─── Supplied material

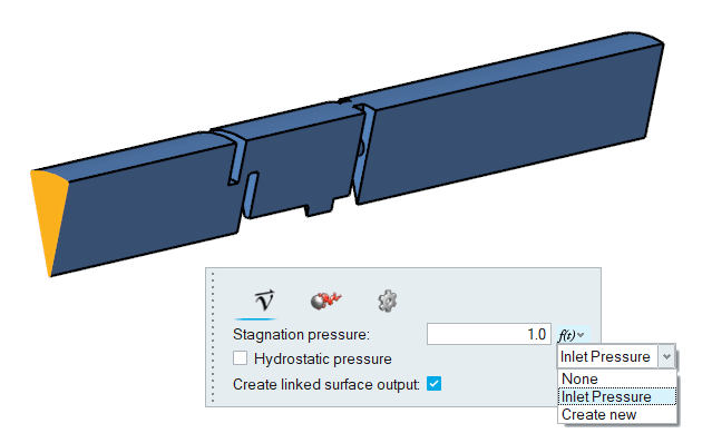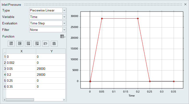 シミュレーションの開始時には、流れ場は静止しています。流れは、図 2に示す区分線形関数として経時変化する入口圧力によって引き起こされます。入口圧力が上昇するにつれて、バルブが開くため流れは加速されます。乱流粘性率は10と想定されています。
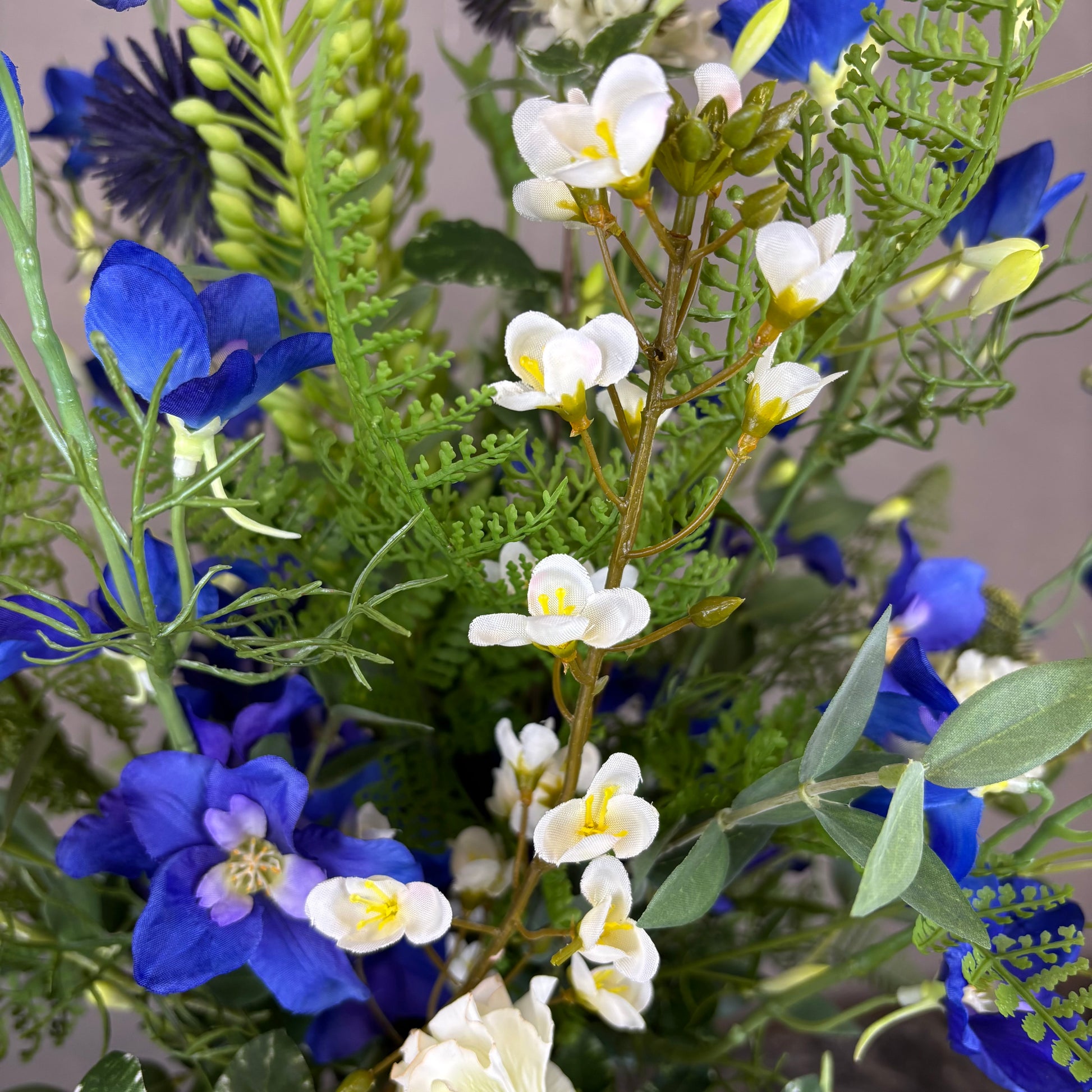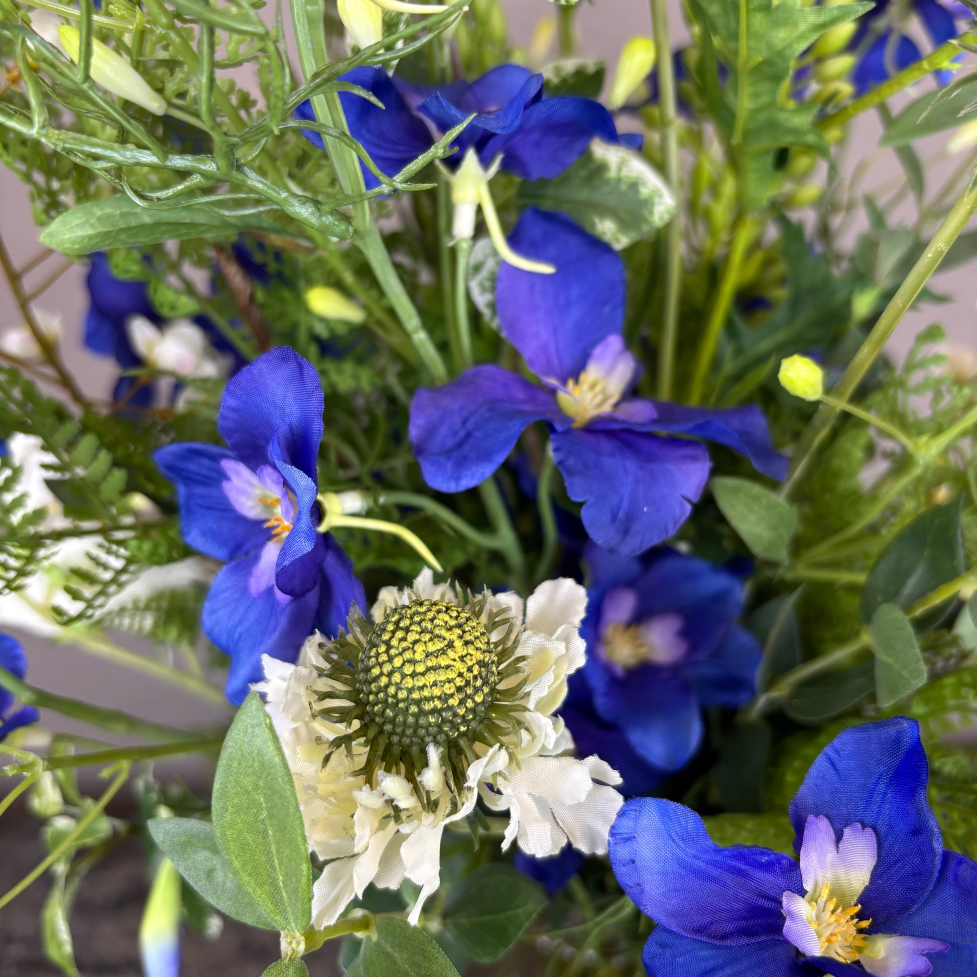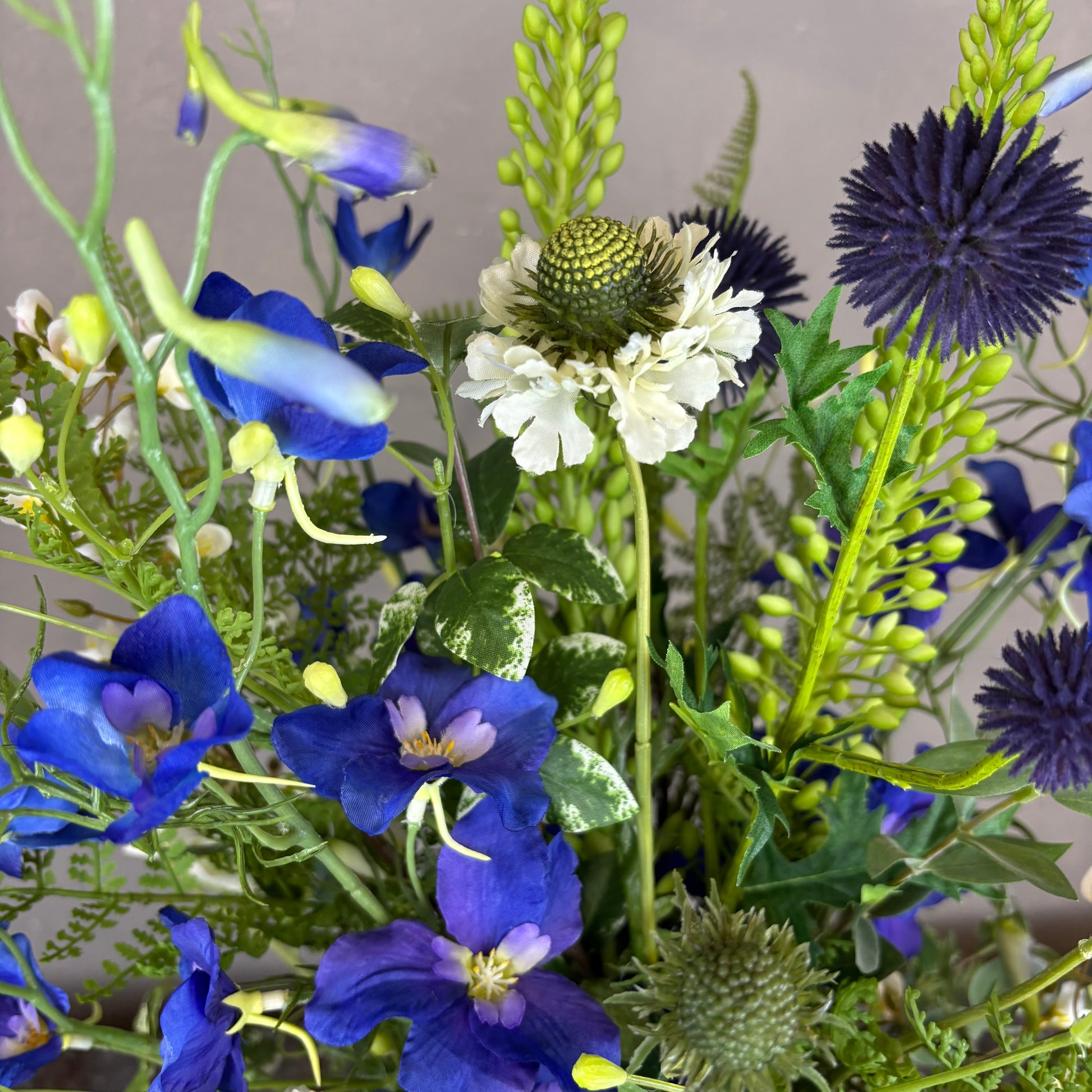 - Naturtro kunstig buket med bl.a. ridderspore, scabiosa og lathyrus
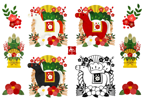 水彩風下結び注連縄ツバキに龍の年賀素材集
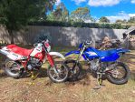 Later this year when they have both been run in and properly tuned there I will organise a dyno shoot out. Both have similar modifications. ie -Modified airboxes, upgraded carbs and headers, mufflers and head porting. Standard cams. The TT350 is 1.5mm oversize so a 87.5mm Wiseco at 358cc.The previous motor 354cc in similar spec to this one was 29 HP. Gadgets TTR350 (which looks just like my TT350 - confusing I know) beat it by half a HP on the same dyno. Hoping the bigger carb will see 30 HP on the TTR350, it's motor was previously 25.5hp as a 2mm oversize 263cc.
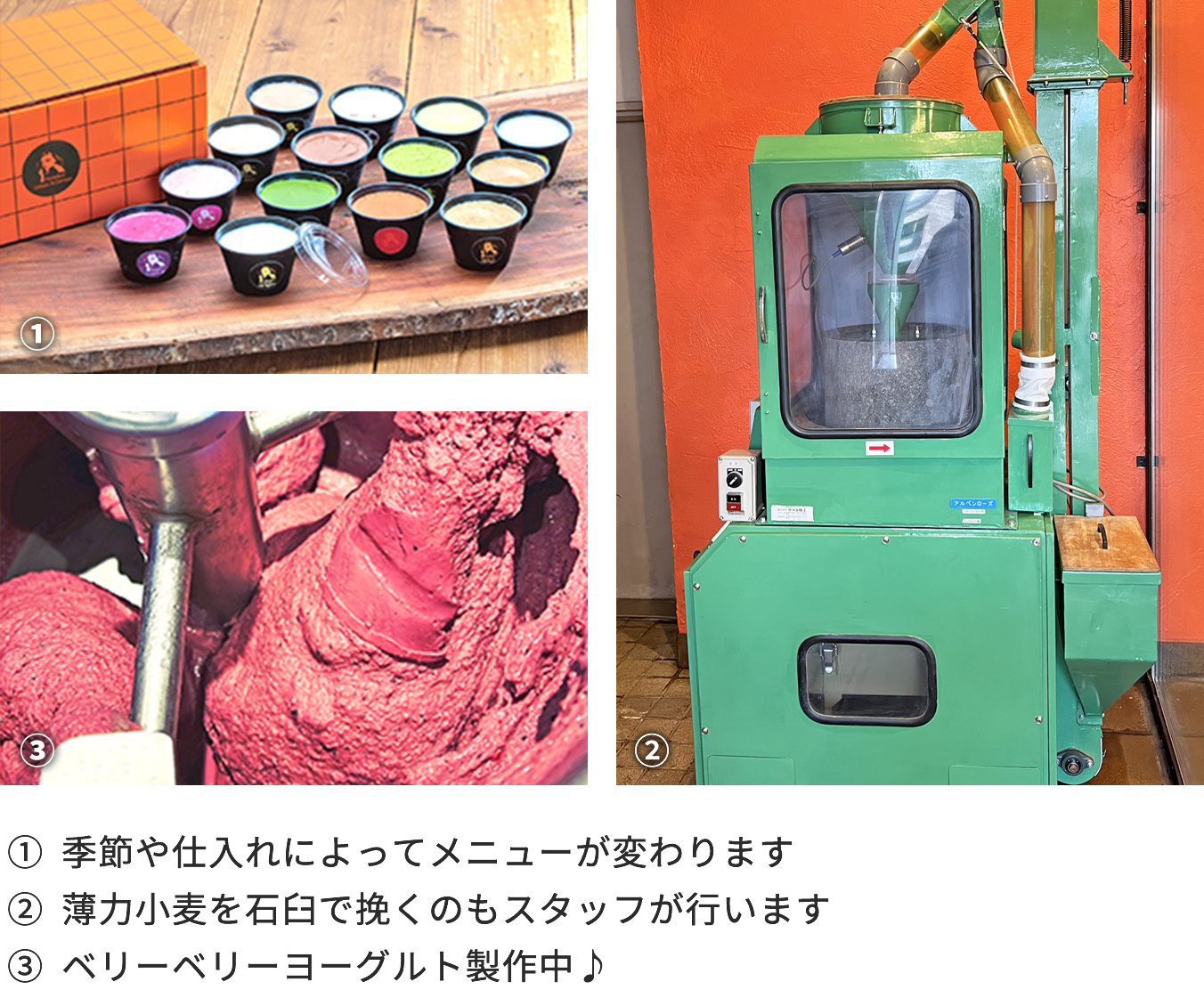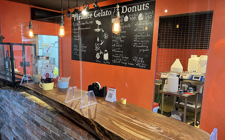 身体にも地球にもいいものを作りたい、と始めた自然栽培。スタッフが栽培する鹿島在来大豆を工房で絞り、豆乳と自家製の甘酒ベースのジェラートが15種類、自然栽培小麦とおからのドーナツも◎
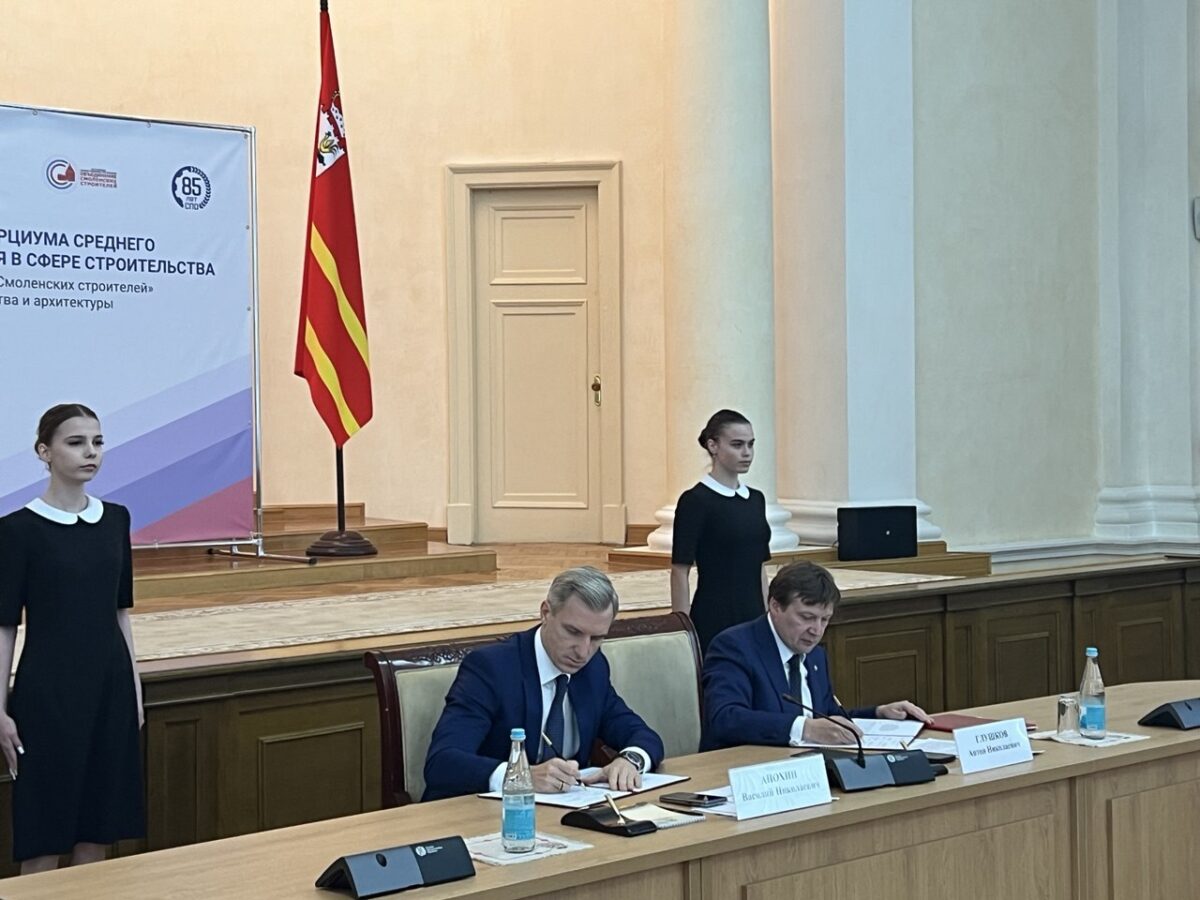 14 октября состоялись пленарное заседание и подписание соглашения между НОСТРОЙ и правительством Смоленской области. Президент Национального объединения строителей Антон Глушков и губернатор Смоленской области стали ключевыми спикерами. В мероприятии приняли участие первый заместитель Министра строительства и ЖКХ РФ Александр Ломакин, представитель Министерства образования Республики Беларусь Александра Петрова, руководители органов исполнительной власти, учреждений СПО, саморегулируемых организаций. Свыше ста делегатов из 32 регионов страны обсуждали важные вопросы модернизация системы подготовки кадров для сферы строительства.
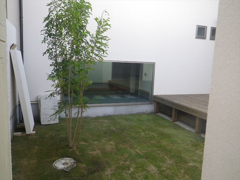 中庭にはコウライシバとシマトネリコを植栽させていただきました。
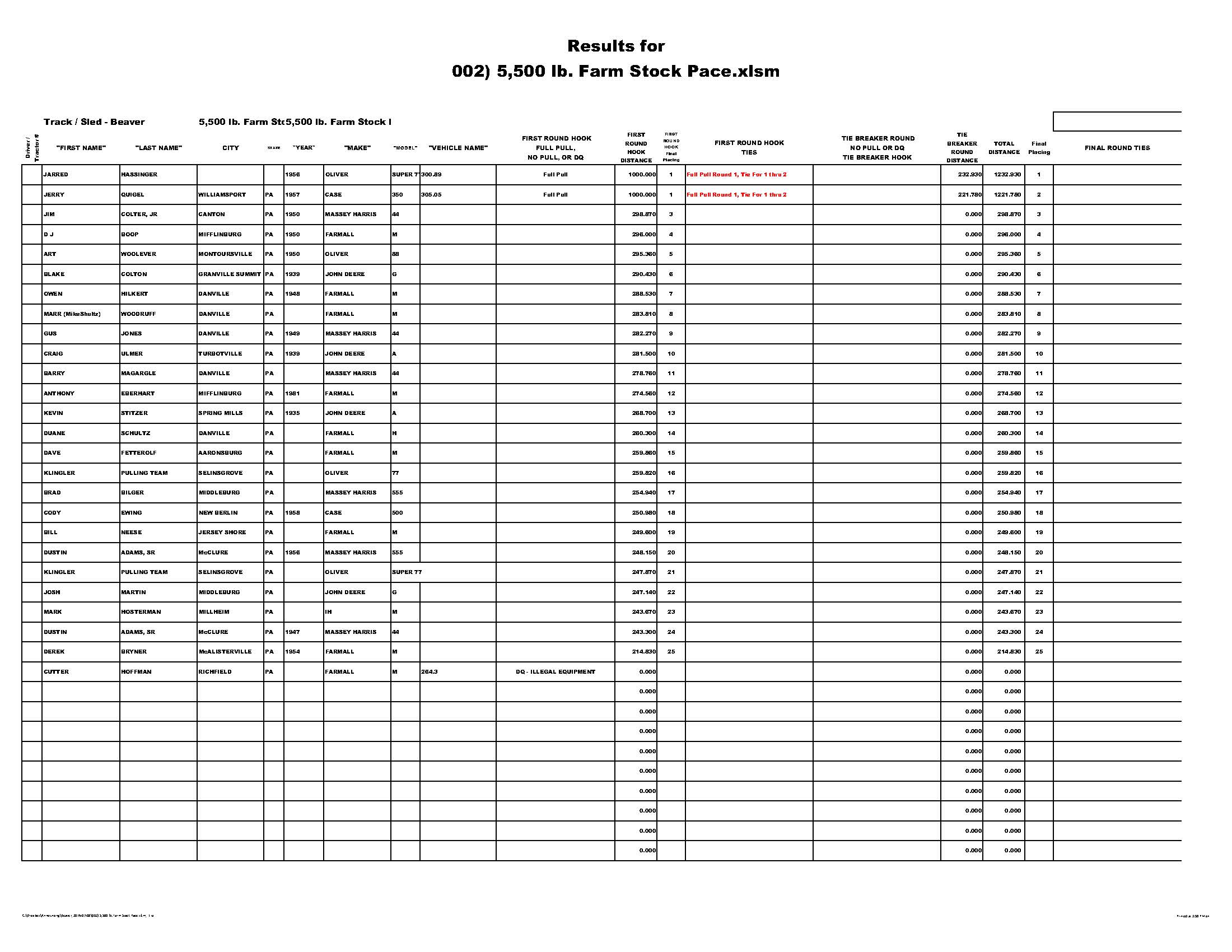 So what is a mystery class? Well it was a mystery to me too. So that is what I named it. The actual weight class was set by the drivers at the drivers meeting and instead of competing as a group with the winner determined by a single pull, the drivers were put into a bracket whereby a pair of drivers were matched up against each other by the luck of the numbers drawn for pulling position. Then the winner of the pair would advance up the ladder of the bracket to take on the other bracket winners until there was only one "winner take all" mystery class champion.

──────

Repeat exactly the lines from the one containing "Later this year" to the last line of the records above, including both, and leave out any pictures.

 Later this year when they have both been run in and properly tuned there I will organise a dyno shoot out. Both have similar modifications. ie -Modified airboxes, upgraded carbs and headers, mufflers and head porting. Standard cams. The TT350 is 1.5mm oversize so a 87.5mm Wiseco at 358cc.The previous motor 354cc in similar spec to this one was 29 HP. Gadgets TTR350 (which looks just like my TT350 - confusing I know) beat it by half a HP on the same dyno. Hoping the bigger carb will see 30 HP on the TTR350, it's motor was previously 25.5hp as a 2mm oversize 263cc.
 身体にも地球にもいいものを作りたい、と始めた自然栽培。スタッフが栽培する鹿島在来大豆を工房で絞り、豆乳と自家製の甘酒ベースのジェラートが15種類、自然栽培小麦とおからのドーナツも◎
 14 октября состоялись пленарное заседание и подписание соглашения между НОСТРОЙ и правительством Смоленской области. Президент Национального объединения строителей Антон Глушков и губернатор Смоленской области стали ключевыми спикерами. В мероприятии приняли участие первый заместитель Министра строительства и ЖКХ РФ Александр Ломакин, представитель Министерства образования Республики Беларусь Александра Петрова, руководители органов исполнительной власти, учреждений СПО, саморегулируемых организаций. Свыше ста делегатов из 32 регионов страны обсуждали важные вопросы модернизация системы подготовки кадров для сферы строительства.
 中庭にはコウライシバとシマトネリコを植栽させていただきました。
 So what is a mystery class? Well it was a mystery to me too. So that is what I named it. The actual weight class was set by the drivers at the drivers meeting and instead of competing as a group with the winner determined by a single pull, the drivers were put into a bracket whereby a pair of drivers were matched up against each other by the luck of the numbers drawn for pulling position. Then the winner of the pair would advance up the ladder of the bracket to take on the other bracket winners until there was only one "winner take all" mystery class champion.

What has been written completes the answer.